CXO Board Membership Terms and Conditions
1. Application for CXO Board Membership:
CXO Board is by invitation-only. All invited professionals are eligible for Membership upon approval from Strativity Group.
2. CXO Board Member Privileges:
All Members are eligible to:
i. Attend CXO Board events meetings
ii. Present case studies at CXO Board meetings
iii. Access CXO Board knowledge library
iv. Receive CXO Board correspondence and update. In addition, members may
a. Nominate Direct Reports to attend CXO Board events on their behalf
3. CXO Board Member Responsibilities:
CXO Board Members Fees are to be paid annually at a rate confirmed by the Strativity Group.
4. Confidentiality:
All CXO Board events are conducted under the Chatham House Rule. Participants are free to use the information received, but neither the identity nor the affiliation of the speaker(s), nor that of any other participant, may be revealed. Certain information furnished or disclosed by members in connection with the CXO Board may contain or reflect confidential information. “Confidential Information”, for the purposes of this Agreement, shall include the information that shall, at the time it is furnished, be conspicuously marked “CONFIDENTIAL.” Members shall not designate any information or data as “Confidential Information” which is not reasonably and in good faith considered to be confidential and proprietary to the party making such designation. Members agree that without prior written consent they will not disclose any “Confidential Information” to any third party other than as specifically provided herein. Such information shall not be disclosed to any person other than CXO Board members or Strativity Group, without the disclosing members consent except in response to legal process. If circumstances permit, members will notify the discloser of a contemplated permitted disclosure. If circumstances do not permit advance notification, members will use reasonable efforts to protect the confidentiality of “Confidential Information”. The obligations of confidentiality and non-disclosure imposed under this Section shall not apply to the following data and information:
i. Information which is published or otherwise becomes available to the general public as part of the public domain without breach of this Agreement;
ii. Information which has been furnished or made known by a third party which is not known to involve a breach of the third party’s obligations to members;
iii. Information which was in the receiving party’s possession without proprietary restrictions prior to the date of disclosure to that party;
iv. Information which the receiving party establishes was developed independently of Confidential Information furnished to it;
v. General information of a non-proprietary nature; and
vi. CXO Board members names and organisational affiliation.
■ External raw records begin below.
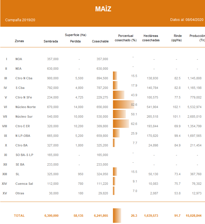 Hacia las zonas Oeste de Buenos Aires-Norte de La Pampa, Cuenca del Salado y el Centro de Buenos Aires las labores comienzan a retomarse en los sectores donde nuevamente puede transitar la maquinaria. Los rindes relevados se encuentran por sobre las primeras estimaciones realizadas a inicios de la campaña. En el Núcleo Norte la recolección avanza a buen ritmo sobre los planteos tempranos. Los rindes relevados superan los 100 qq/Ha en sectores de Córdoba y Santa Fe.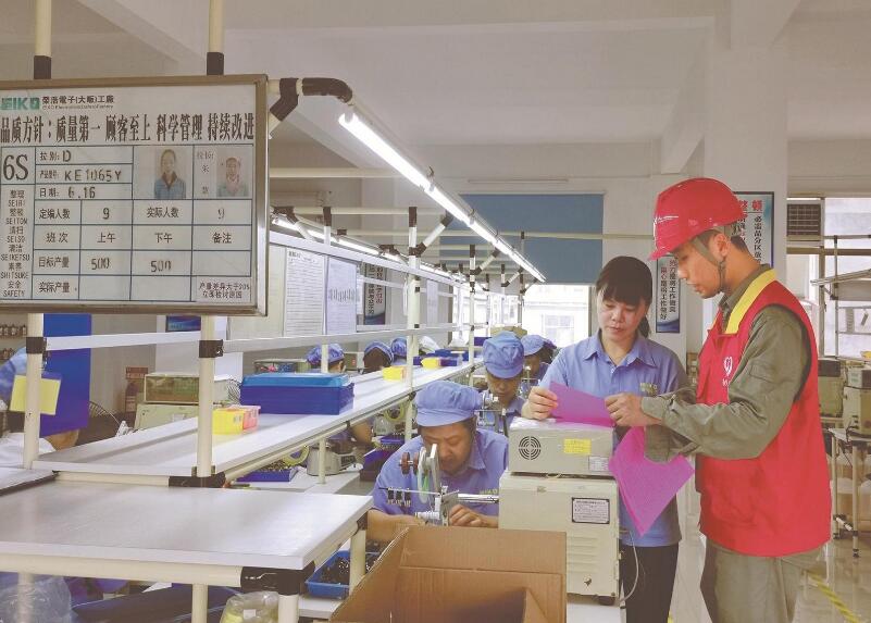 黨員服務隊隊員來到湖北榮浩電子有限公司,為流水線上的工人講解安全用電知識。程建僑 攝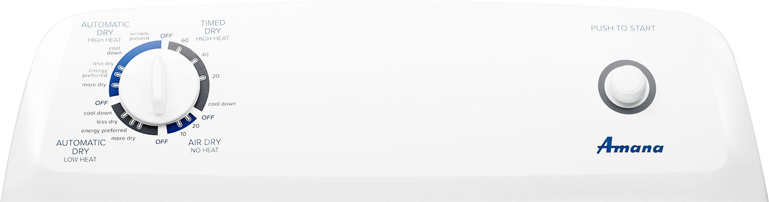 - Sélections des cycles de séchage : séchage à air non chauffé de 10 minutes, séchage à air non chauffé de 20 minutes, séchage à air non chauffé, séchage AutoDry à température élevée, séchage AutoDry à basse température, séchage automatique, séchage écoénergétique, moins sec, plus sec, séchage minuté 20, séchage minuté 40, séchage minuté 60.

In the event that information disclosed relates to or require the collection, handling, processing or analysis of personal information (as that term is defined by the Privacy Act 1988) then members shall comply with the national privacy principles as set out in that act.
5. Privacy:
CXO Board and the Strativity Group collects your personal information for the purpose of registration for this event and to inform you of future events, products or services that may be of interest. Members may correct their personal information appearing on this form by clearly indicating the changes and emailing back to info@cxoboard.com.au. If members require access to their personal information or further details of our privacy policy, please call the privacy officer at Strativity Group Australia on (02) 8448 8171.
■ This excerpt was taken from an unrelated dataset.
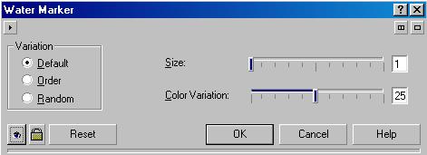 Оригинальный эффект (Рис. 18.24, в центре) достигается при выборе команды меню Water Marker (Водный маркер). В диалоге настройки эффекта (Рис. 18.26) вы можете выбрать один из трех вариантов эффекта. Варианты Default (По умолчанию). Order (Порядок) и Random (Случайно) описывают различное расположение мазков в рисунке. С помощью ползунка Size (Размер) устанавливается размер мазков. Ползунком Color Variation (Изменение цвета) задается степень разнообразия цвета в соседних мазках.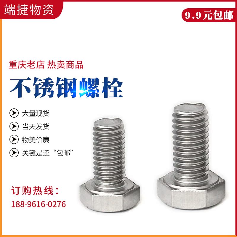 Outer hexagonal bolt 304 stainless steel screw screw 12mm--200 lengthened flat pad spring washer screw nut

6. Dispute and Termination:
If a dispute arises out of or relates to this agreement, or the breach, termination, validity or subject matter thereof, or as to any claim in tort, in equity or pursuant to any domestic or international statute or law, A party claiming that a breach to this agreement has arisen, must give written notice to the Strativity Group to the dispute specifying the nature of the dispute. On receipt of the notice the member(s) must within seven (7) days of receipt of said notice endeavour in good faith to seek to resolve the dispute. If the dispute is not resolved within seven (7) days or within such further period as the parties agrees, then the dispute is to be referred to Strativity Group for mediation. At its sole discretion, the Strativity Group may terminate the membership of the member who is deemed to be in breach. Under these circumstances all membership privileges and fees are forfeited. No refund of fees will be payable.
7. Membership Transfers:
Membership may be transferred when a member changes their role. The member must notify the Strativity Group of their request to transfer membership and the new member must complete a membership application form. The Strativity Group will review the application and approve the application for transfer if all criteria for membership are met.
8. Miscellaneous:This Agreement is governed by the laws of Australia as defined within the New Corporations Act, 2001. The parties irrevocably submit to the non-exclusive jurisdiction of the courts of New South Wales, and courts hearing appeals from those courts. This Agreement contains the complete agreement between the parties. All previous and collateral agreements, representations, warranties, promises, and conditions relating to the subject matter of this Agreement are superseded by this Agreement and, if not explicitly incorporated in this Agreement, will not be binding on either party. The invalidity, in whole or part, of any provision of this Agreement will not affect the remainder of that provision or this Agreement.
9. Agreement:
Receipt of member’s fees constitutes acceptance of the terms and conditions.